Items from a dataset:
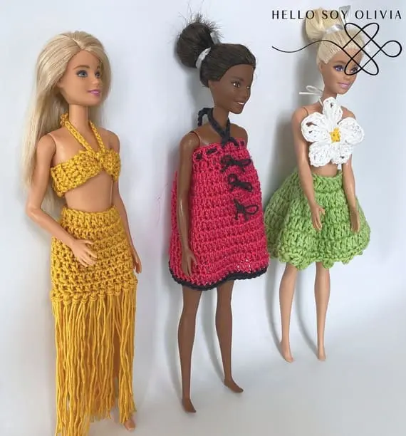 With this free crochet pattern, you can create three unique outfits for Barbie dolls – perfect for mixing, matching, and storytelling. From casual to glam, these outfits are stylish and modern. Dive into this fun project and transform your doll’s wardrobe with your creativity. These tiny crochet garments are great practice for shaping and finishing techniques. PHOTOS by Marcela Selman /
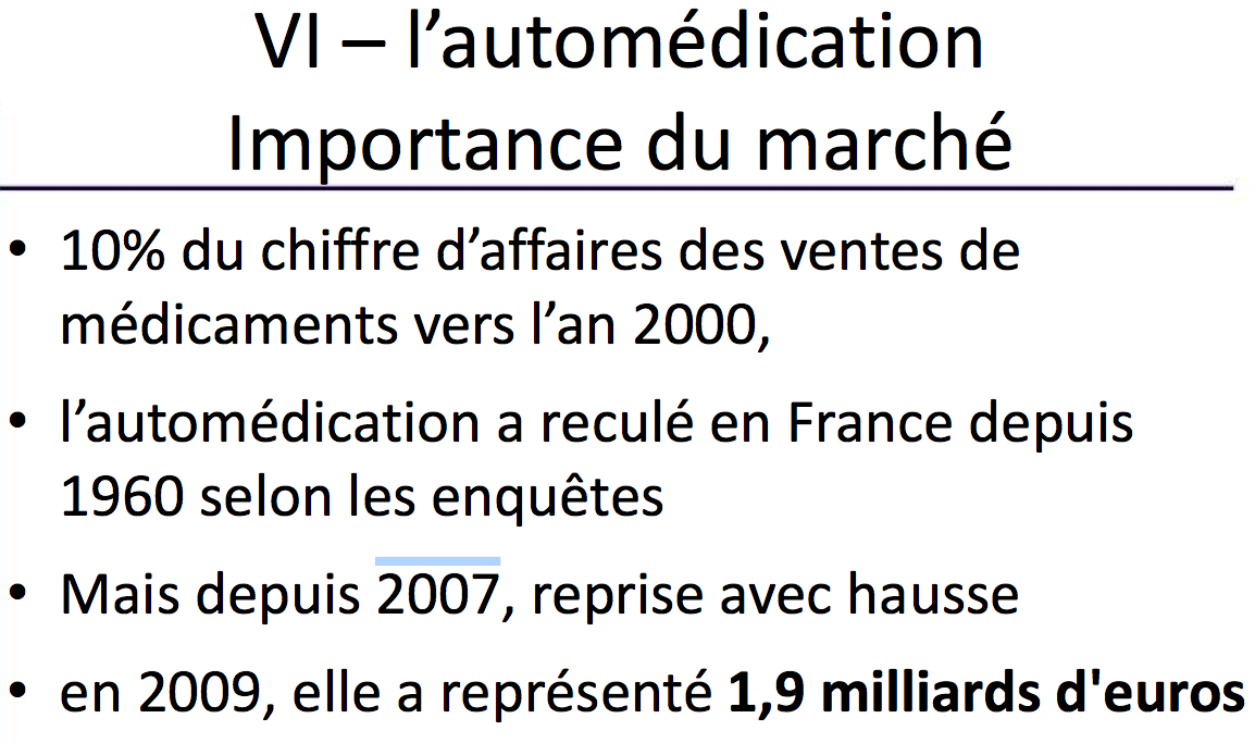 Je ne comprends pas pourquoi on dit que le marché de l'automédication diminue de 0,6% par an, alors qu'on nous dit ensuite que le marché de l'automédication a diminué mais est en hausse depuis 2007...
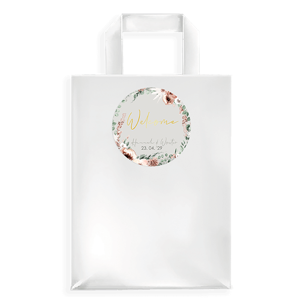 Personaliseer je goodiebag door deze sticker erop te plakken. Dit is een sticker met bloemen en goudfolie.
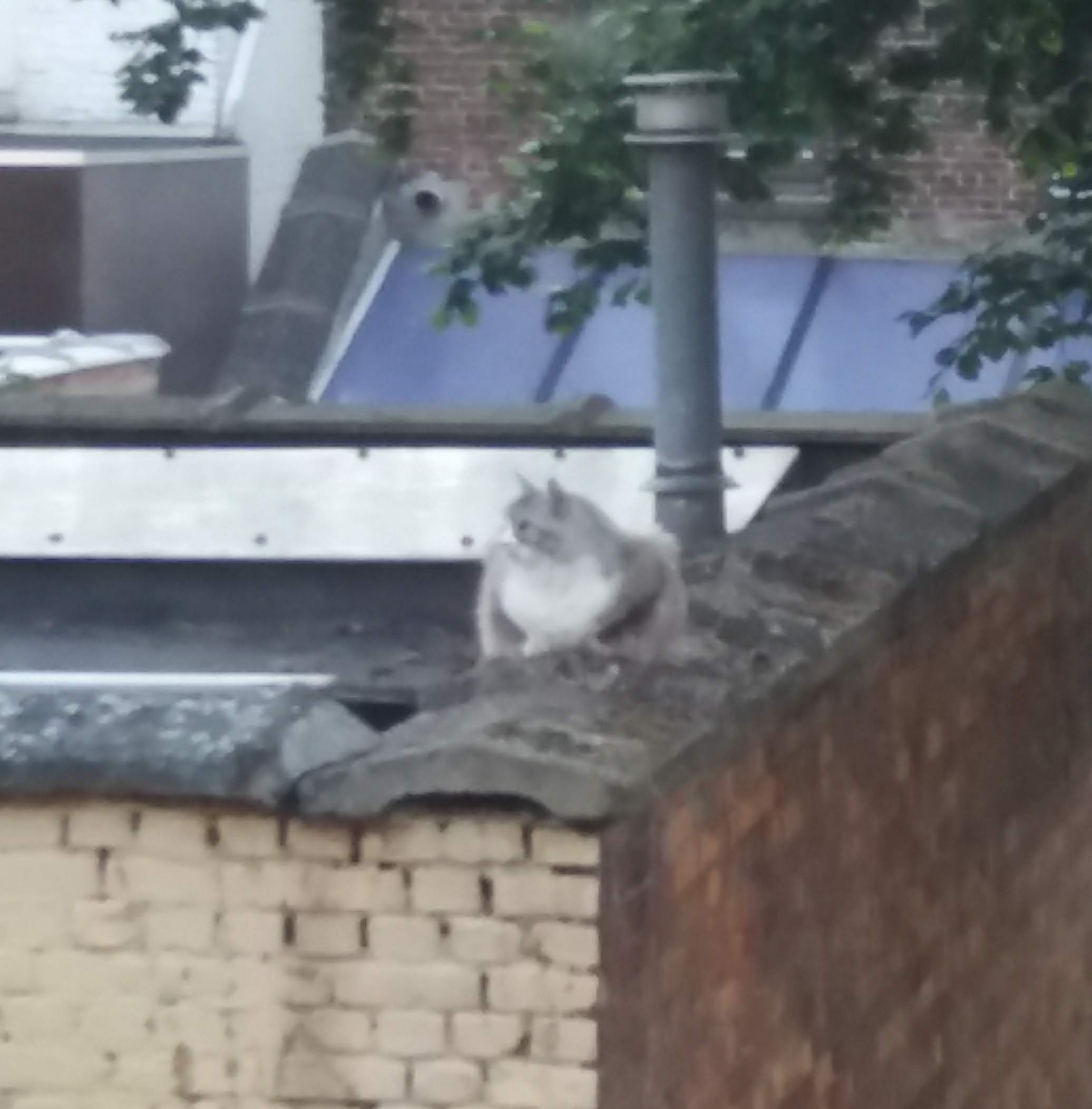 Ik zie vaak een wandelaar in die achtertuintjes. Soms een zwarte met witte pootjes, soms een grijze of nog een andere. Ze hebben allemaal een snorretje, de ene is van het lenige, de andere van het luie type, het snelle of het trage en vooral het laat-maar-gebeuren-dat-leven-type. Dat benijd ik wel eens. De gedachte aan mijn volgend leven komt al eens piepen. Zou ik een kat kunnen zijn in deze achtertuintjes? En wat zou er allemaal te zien zijn, wanneer ik dan over die muren balanceer, op zoek naar ontbijt? Hun schijnbare onverschilligheid, hun bijna flirten voor een streel of een warme zetel, hun arrogant weg wandelen wanneer ze de mens niet nodig hebben, dát benijd ik ook. Ik word zeker kat in een volgend leven. Maar dan in de straatjes van een pittoresk Grieks dorp op een eiland. Wees gewaarschuwd, neem me niet mee terug als adoptiekat!
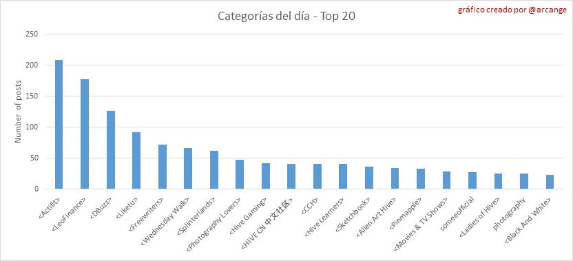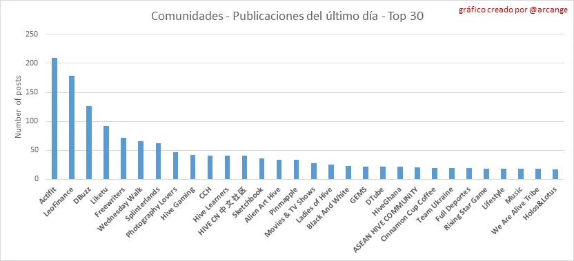 Estos gráficos muestran las comunidades más activas por número de publicaciones (vida útil de blockchain y último día).
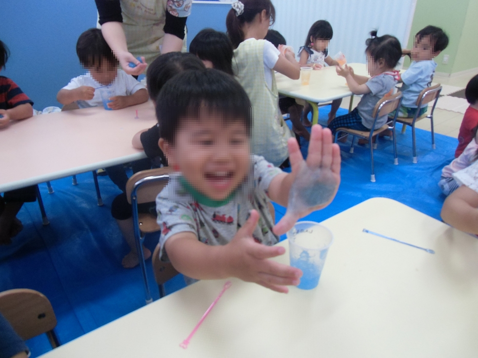 完成したスライムで遊びます。ベトベトヌメヌメ、冷たくて気持ちいいね(^-^)。自分で作ったスライムで遊ぶ子天使ちゃん達、大興奮で大喜び!(^o^)
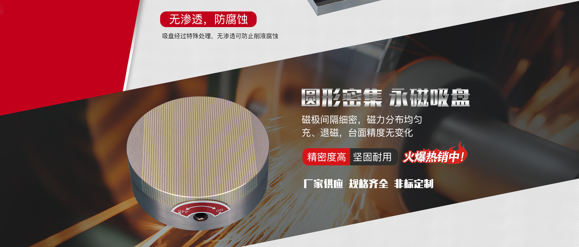 電永磁吸盤的界定:電永磁吸盤是融合電磁感應、稀土永磁特點的而開發(fā)設計的新式工裝夾具。選用脈沖電流"開和關"的新式磁力吸盤...
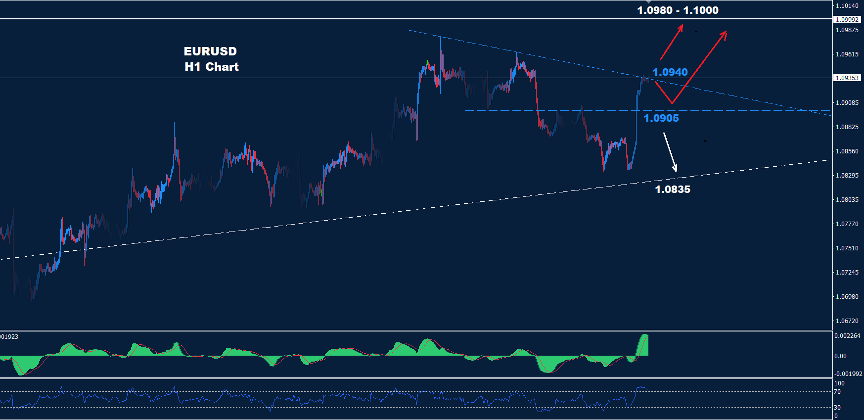 كما نرى على الرسم البياني، يواجه السوق مقاومة ضمن المدى اليومي حول 1.0940 بينما الدعم حول 1.0905 والذي قد يحافظ على منطقة تداول صغيرة قبل أن يواصل السوق التقدم نحو 1.0980-1.1000
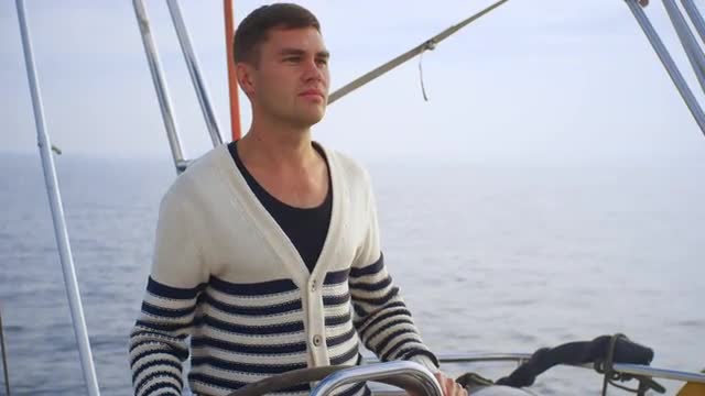 Young man in shorts walks on yacht in the sea.
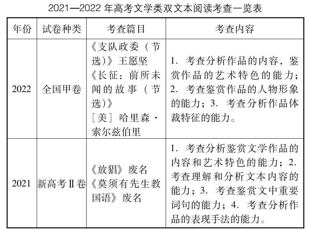 文学类文本阅读是多年来高考语文的必考题。传统的文学类文本阅读命题,都是选择一个阅读材料,或小说,或散文,从内容、情感、手法等角度设置题目,这样的阅读材料称为单文本阅读模式。随着高考评价体系的进一步完善,高考内容和考查形式的变革在所难免。2021年新高考Ⅱ卷,文学类文本阅读首次突破了以往单文本阅读模式,阅读材料变为由两个文本组成,分别称之为“文本一”和“文本二”,这种呈现材料的形式就是双文本,是一种全新的命题形式。(剩余7245字)
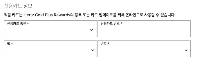 신용카드 정보를 입력하시면 됩니다.(체크카드는 안됩니다.) 실제로 현지에서 차량 픽업할 때 등록된 신용카드를 제시해야 하므로 여행 가실 때에는 신용카드를 꼭 잘 챙겨가시면 되시겠습니다.
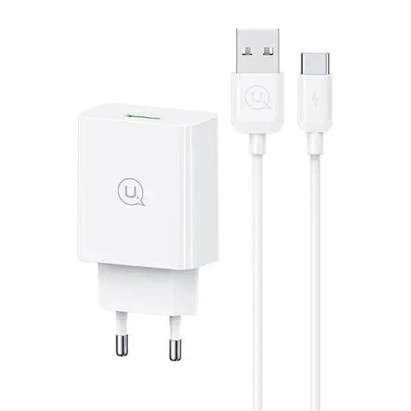 Bộ củ sạc kèm cáp Lightning USAMS Fast Charger Kit 18W - SC Series (CC083 Single USB 18W QC3.0 Charger (EU)+SJ097 Lightning 2.1A 1M Cable ) White ( SCXLTZ03 )
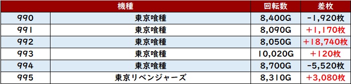 続いて「東京喰種~東京リベンジャーズ 990~995」が機種跨ぎで大盛況!
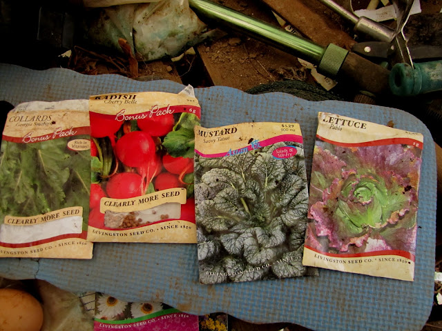 A hen who figured that the greenhouse was a much better place to lay an egg than the actual chicken coop, had got past the falling off wire, and had destroyed two of my cabbage plants. There were another couple that were pulled out, but I stuck them back in and they survived. The wire is all fixed now, but since we are in and out of the greenhouse for tools all the time, and sometimes forget to close the door, I've put a bit of protection over the cabbage and broccoli plants, because you can never be too careful.
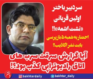 به گزارش باختر، دانشگاه علوم پزشکی کرمانشاه از هادی نوروزی، سردبیر روزنامه باختر بابت انتشار گزارش سرقت قالبهای سربی اتاق رادیوتراپی بیمارستان امام رضا (ع) و تحت عنوان «نشر اکاذیب» شکایت کرده و پرونده ای در شعبه ۵ بازپرسی دادسرای عمومی و انقلاب کرمانشاه تشکیل داده است.
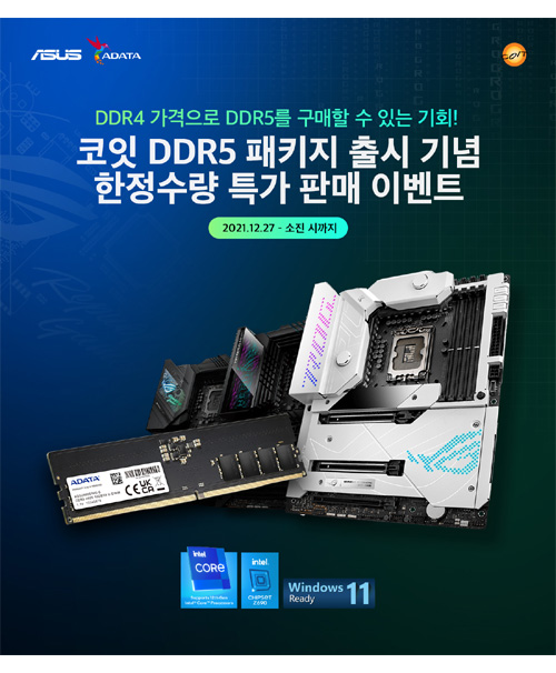 코잇은 차세대 DDR5 메모리 출시에 따라 DDR5 지원 ASUS 메인보드와 ADATA DDR5 메모리 패키지를 특가로 판매한다.
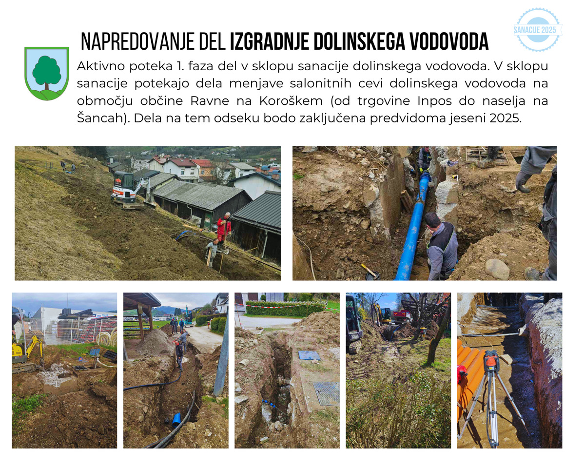 Aktivno poteka 1. faza del v sklopu sanacije dolinskega vodovoda.
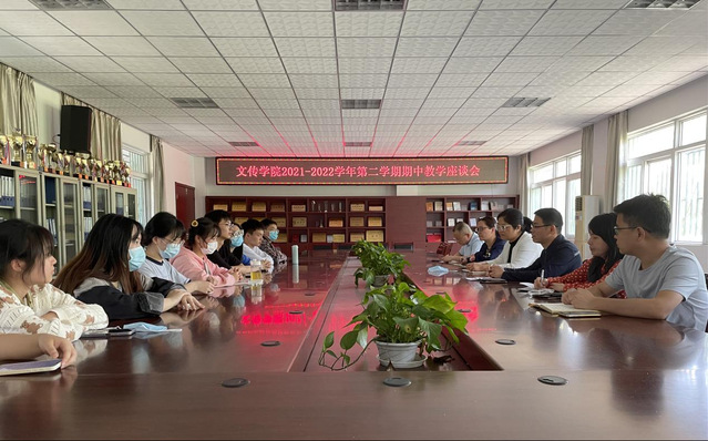 为更好地贯彻疫情防控各项工作要求,确保线上线下教学同质等效,更好地了解学生的学习生活情况,倾听学生对于学院各项工作的意见与建议,语言文化与传媒学院中文系于2022年5月4日中午在一区善思楼C座二楼会议室召开了2021-2022学年第二学期期中教学座谈会。语言文化与传媒学院党委副书记张爱萍、副院长殷明明、中文系负责人洪婧、学工办主任顾盼盼,教学办副主任章衡、学院团委负责人刘政和中文系各班级学生代表共同参会。

Task to complete: Each line above is to be repeated exactly as written; no picture is carried over.

Finished task:
 With this free crochet pattern, you can create three unique outfits for Barbie dolls – perfect for mixing, matching, and storytelling. From casual to glam, these outfits are stylish and modern. Dive into this fun project and transform your doll’s wardrobe with your creativity. These tiny crochet garments are great practice for shaping and finishing techniques. PHOTOS by Marcela Selman /
 Je ne comprends pas pourquoi on dit que le marché de l'automédication diminue de 0,6% par an, alors qu'on nous dit ensuite que le marché de l'automédication a diminué mais est en hausse depuis 2007...
 Personaliseer je goodiebag door deze sticker erop te plakken. Dit is een sticker met bloemen en goudfolie.
 Ik zie vaak een wandelaar in die achtertuintjes. Soms een zwarte met witte pootjes, soms een grijze of nog een andere. Ze hebben allemaal een snorretje, de ene is van het lenige, de andere van het luie type, het snelle of het trage en vooral het laat-maar-gebeuren-dat-leven-type. Dat benijd ik wel eens. De gedachte aan mijn volgend leven komt al eens piepen. Zou ik een kat kunnen zijn in deze achtertuintjes? En wat zou er allemaal te zien zijn, wanneer ik dan over die muren balanceer, op zoek naar ontbijt? Hun schijnbare onverschilligheid, hun bijna flirten voor een streel of een warme zetel, hun arrogant weg wandelen wanneer ze de mens niet nodig hebben, dát benijd ik ook. Ik word zeker kat in een volgend leven. Maar dan in de straatjes van een pittoresk Grieks dorp op een eiland. Wees gewaarschuwd, neem me niet mee terug als adoptiekat!
 Estos gráficos muestran las comunidades más activas por número de publicaciones (vida útil de blockchain y último día).
 完成したスライムで遊びます。ベトベトヌメヌメ、冷たくて気持ちいいね(^-^)。自分で作ったスライムで遊ぶ子天使ちゃん達、大興奮で大喜び!(^o^)
 電永磁吸盤的界定:電永磁吸盤是融合電磁感應、稀土永磁特點的而開發(fā)設計的新式工裝夾具。選用脈沖電流"開和關"的新式磁力吸盤...
 كما نرى على الرسم البياني، يواجه السوق مقاومة ضمن المدى اليومي حول 1.0940 بينما الدعم حول 1.0905 والذي قد يحافظ على منطقة تداول صغيرة قبل أن يواصل السوق التقدم نحو 1.0980-1.1000
 Young man in shorts walks on yacht in the sea.
 文学类文本阅读是多年来高考语文的必考题。传统的文学类文本阅读命题,都是选择一个阅读材料,或小说,或散文,从内容、情感、手法等角度设置题目,这样的阅读材料称为单文本阅读模式。随着高考评价体系的进一步完善,高考内容和考查形式的变革在所难免。2021年新高考Ⅱ卷,文学类文本阅读首次突破了以往单文本阅读模式,阅读材料变为由两个文本组成,分别称之为“文本一”和“文本二”,这种呈现材料的形式就是双文本,是一种全新的命题形式。(剩余7245字)
 신용카드 정보를 입력하시면 됩니다.(체크카드는 안됩니다.) 실제로 현지에서 차량 픽업할 때 등록된 신용카드를 제시해야 하므로 여행 가실 때에는 신용카드를 꼭 잘 챙겨가시면 되시겠습니다.
 Bộ củ sạc kèm cáp Lightning USAMS Fast Charger Kit 18W - SC Series (CC083 Single USB 18W QC3.0 Charger (EU)+SJ097 Lightning 2.1A 1M Cable ) White ( SCXLTZ03 )
 続いて「東京喰種~東京リベンジャーズ 990~995」が機種跨ぎで大盛況!
 A hen who figured that the greenhouse was a much better place to lay an egg than the actual chicken coop, had got past the falling off wire, and had destroyed two of my cabbage plants. There were another couple that were pulled out, but I stuck them back in and they survived. The wire is all fixed now, but since we are in and out of the greenhouse for tools all the time, and sometimes forget to close the door, I've put a bit of protection over the cabbage and broccoli plants, because you can never be too careful.
 به گزارش باختر، دانشگاه علوم پزشکی کرمانشاه از هادی نوروزی، سردبیر روزنامه باختر بابت انتشار گزارش سرقت قالبهای سربی اتاق رادیوتراپی بیمارستان امام رضا (ع) و تحت عنوان «نشر اکاذیب» شکایت کرده و پرونده ای در شعبه ۵ بازپرسی دادسرای عمومی و انقلاب کرمانشاه تشکیل داده است.
 코잇은 차세대 DDR5 메모리 출시에 따라 DDR5 지원 ASUS 메인보드와 ADATA DDR5 메모리 패키지를 특가로 판매한다.
 Aktivno poteka 1. faza del v sklopu sanacije dolinskega vodovoda.
 为更好地贯彻疫情防控各项工作要求,确保线上线下教学同质等效,更好地了解学生的学习生活情况,倾听学生对于学院各项工作的意见与建议,语言文化与传媒学院中文系于2022年5月4日中午在一区善思楼C座二楼会议室召开了2021-2022学年第二学期期中教学座谈会。语言文化与传媒学院党委副书记张爱萍、副院长殷明明、中文系负责人洪婧、学工办主任顾盼盼,教学办副主任章衡、学院团委负责人刘政和中文系各班级学生代表共同参会。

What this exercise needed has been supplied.